Reflection - Delapan Belas

4.9K 449 23
                                    

        Tit ... Tit ... Tit ...

        Milo menyernyit dalam tidurnya. Cowok itu menekan tombol alarm di nakas kemudian menggeliat di dalam selimutnya, mencoba merenggangkan otot-otot yang kaku akibat berjam-jam tak bergerak. Setelah dirasa lebih baik, ia membangunkan tubuhnya, terduduk di tengah kasur sambil memandang sekitar.

        Jendela di depan tempat tidurnya yang tersibak sedikit itu masih terbubuhi warna biru gelap, tanda fajar telah menjemput. Milo menguap lebar, dia masih mengantuk. Malam tadi dia habiskan dengan belajar kimia kemudian dilanjutkan dengan menatapi bintang-bintang di langit. Unik, tadi malam bintang tampak lebih banyak dari biasanya. Milo menghabiskan waktunya sampai jam setengah sebelas demi mengamati bintang itu satu persatu.

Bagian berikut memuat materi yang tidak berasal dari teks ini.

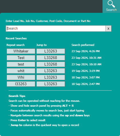 Learn how to search, filter and open leads, enquiries and related documents using the main search bar.

Sudah kah dia bilang bahwa hanya melihat bintang ia bisa merasakan kehangatan tersendiri?

        Milo mengusap mata dengan jari telunjuk dan tengahnya sembari melangkah ke luar menuju dapur. Kalau dipikir-pikir, Milo harus memanjatkan syukur karena dia tidak kambuh akhir-akhir ini. Jika ia sampai kambuh hari ini, bisa-bisa sampai pagi dia akan diiringi dengan suara-suara mencekam.

        Dengan cekatan, cowok itu membuat sarapan paginya. Sandwich tuna, sarapan favoritnya dan satu-satunya makanan sedikit rumit yang ia bisa selain memasak mi rebus pakai kornet. Ia makan dengan cepat. Hari ini adalah jadwalnya piket pagi dan dia juga harus menjemput Sheren di rumah temannya. Omong-omong tentang Sheren, dia belum mengetahui jam berapa dia harus menjemput. Melihat bintang semalaman membuat Milo melupakan segala urusan dunia termasuk menengok ponselnya.

        Setelah mandi, berpakaian, dan merapikan tempat tidurnya, cowok itu langsung mengambil tasnya yang sudah ia ganti buku pelajarannya ke lantai bawah. Rambutnya yang sedikit basah dibiarkan tak tersisir, waktunya sudah tak sempat melihat jam yang melilit pergelangan kirinya mengukir angka 05:52, sudah waktunya untuk berangkat!

        Milo masuk ke dalam mobil, menyalakan mesin, kemudian mengecek barang-barangnya. Ia merogoh ponsel di dalam tas lalu tak lama kemudian menyernyit bingung. Sepanjang dia meraba seluruh jengkal tas ranselnya, dia sama sekali tak merasakan sesuatu yang berbentuk kotak nan pipih itu. Rasa panik tiba-tiba merundunginya. Kalau ponselnya hilang, bagaimana bisa ia menjemput adiknya?!

        "Shit, di mana, siih?" Milo bermonolog, wajahnya pias. Jika dia tak menjemput adiknya, maka sama saja dia harus menyiapkan diri untuk disinisi Sheren sepanjang hari. Oh, ini bencana. Sudahkah dia pernah bilang bahwa dirinya dan Sheren sangat mirip?

        Merasa tak juga menemukannya, Milo mendesah kesal sembari melempar tasnya ke kursi penumpang di sebelah. Cowok itu menyugar rambutnya ke belakang sembari memejam, berupaya mengingat di mana terakhir dia meletakkan ponselnya itu.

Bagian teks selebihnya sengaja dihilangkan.